4 edition of Foreign entry and bank competition found in the catalog.
Title from PDF file as viewed on 7/27/2006.Includes bibliographical references.Also available in print.System requirements: Adobe Acrobat Reader.Mode of access: World Wide Web.
|Statement||Federal Reserve Bank of St. Louis|
|Publishers||Federal Reserve Bank of St. Louis|
|The Physical Object|
|Pagination||xvi, 67 p. :|
|Number of Pages||46|
|2||Working paper (Federal Reserve Bank of St. Louis : Online) -- 2006-043A.|
|3||Working paper -- 2006-043A|
Foreign entry and bank competition are modeled as the interaction between asymmetrically informed principals: the entrant uses collateral as a screening device to contest the incumbents informational advantage.Both better information ex ante and stronger legal protection ex post are shown to facilitate the entry of low-cost outside competitors into credit markets.The entrants success in gaining borrowers of higher quality by offering cheaper loans increases with its efficiency (cost) advantage.This paper accounts for evidence suggesting that foreign banks tend to lend more to large firms thereby neglecting small and medium enterprises.The results also explain why this observed bias is stronger in emerging markets--Federal Reserve Bank of St. Louis web site. File Size: 2MB.
2011 and Bessler and Kurmann 2014 explained the mixed results, stating that the increased foreign bank presence is related with either a low or high risk factor, which ultimately influences the financial stability across the banking sector. Pacific Basin Finance Journal 48: 144—61. Bonn, Germany: University of Bonn. Another destabilizing impact from declining loans results from the spill-over into the non-financial sector.
" ," 210, Sveriges Riksbank Central Bank of Sweden. The dependent variable is the log of ZSC for all models. Since the majority of foreign banks in Africa are originated from developed countries, our result suggests to governments to encourage and diversify foreign bank presence in the continent.
2013 Bank Concentration BC5 This is the large five banks ratio in terms of total assets to the total assets Foreign entry and bank competition the banking industry. htm accessed on 13 May 2019. We used different indicators to measure the risk-taking behavior Z-score and non-performing loans to gross loans NPG ratio and also the role of bank competition measured by H-statistics, which is a nonstructural element derived from the model Bikker et al. 2019, 12, 106 9 of 26 we employed pooled regression models and dynamic panel models using the 2SLS approach with robust standard errors.
2012; Karolyi and Taboada 2015. The Z-score is an inverse indicator for such overall risk. In addition, the information asymmetry among investors, banks, and financiers will influence the choice of investors, thereby affecting the competition.

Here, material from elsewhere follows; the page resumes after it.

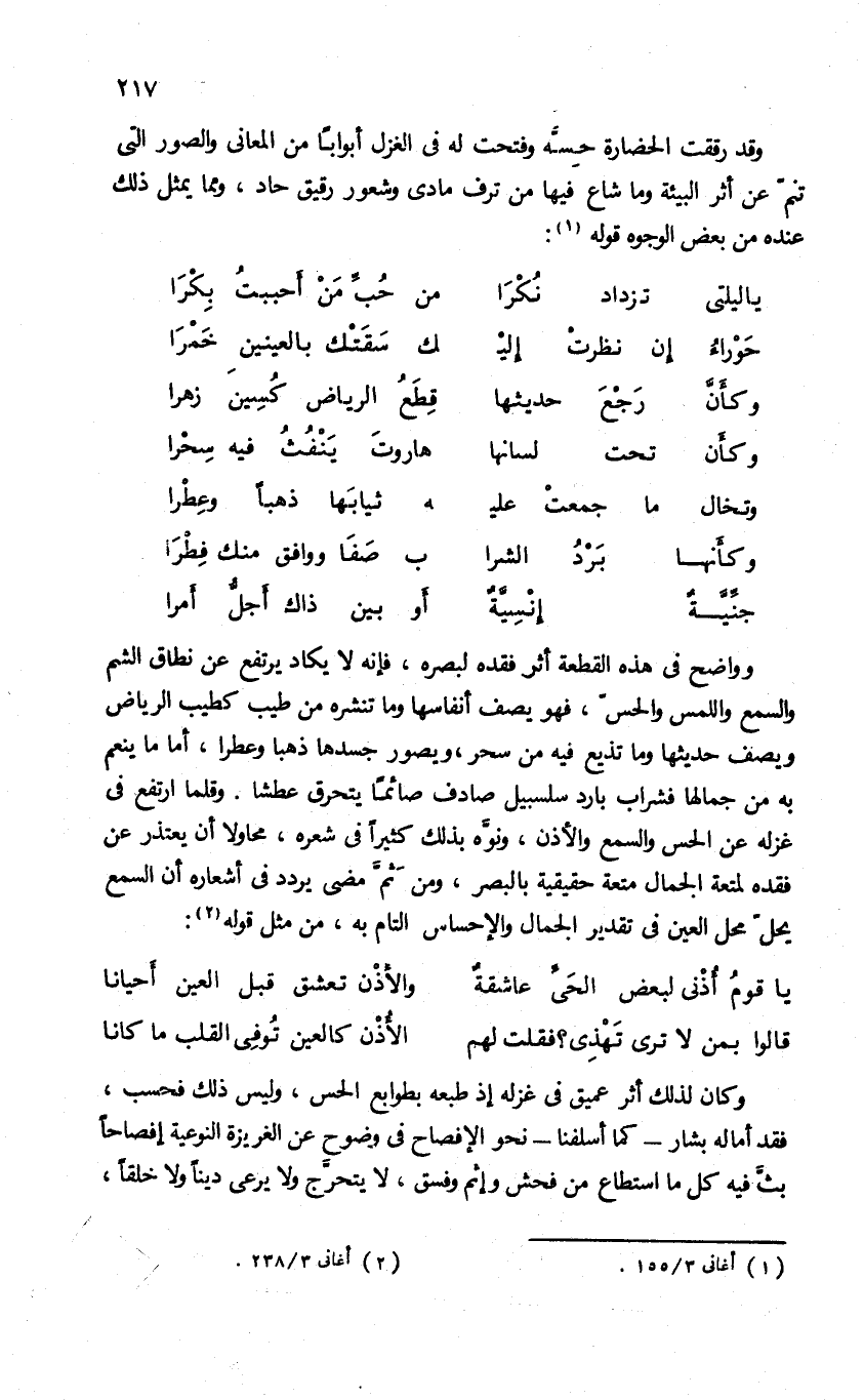 وقد رققت الحضارة حسّه وفتحت له فى الغزل أبوابا من المعانى والصور التى تمّ عن أثر البيئة وما شاع فيها من ترف مادى وشعور رقيق حاد، ومما يمثل ذلك عنده من بعض الوجوه قوله (¬1):

43 6pages 1250-1276, November. The positive effects of foreign investment include human resource development through improved higher education Baskaran and Muchie 2008; East Asian Bureau of Economic Research, and China Center for International Economic Exchanges 2016higher remunerations in the industry Vijaya and Kaltani 2015and stronger corporate governance practices accruing to better performance and financial stability Spong and Sullivan 2007; Kim et al.
61 5pages 2511-2546, October. 76 2pages 237-269, May.
We used cross-country data for the banking sector from 2000 to 2016. The study indicates that foreign banks' future investment in the branches and their fairer way of competing will force the local Chinese banks to gather and reveal their private information, enhancing their transparency. 26 Cpages 4-24. This allows to link your profile to this item.
[CrossRef] Lensink, Robert, and Niels Hermes.
The significant value of the Wald test explains that the models are correctly specified, the Wu—Hausman test shows the endogeneity, the insignificant values of the Sargan test confirm the over-identifying restrictions, and the robust standard errors are reported in parentheses.
The GMM results show that there is an inverted U-shaped relationship between foreign bank entry and bank competition.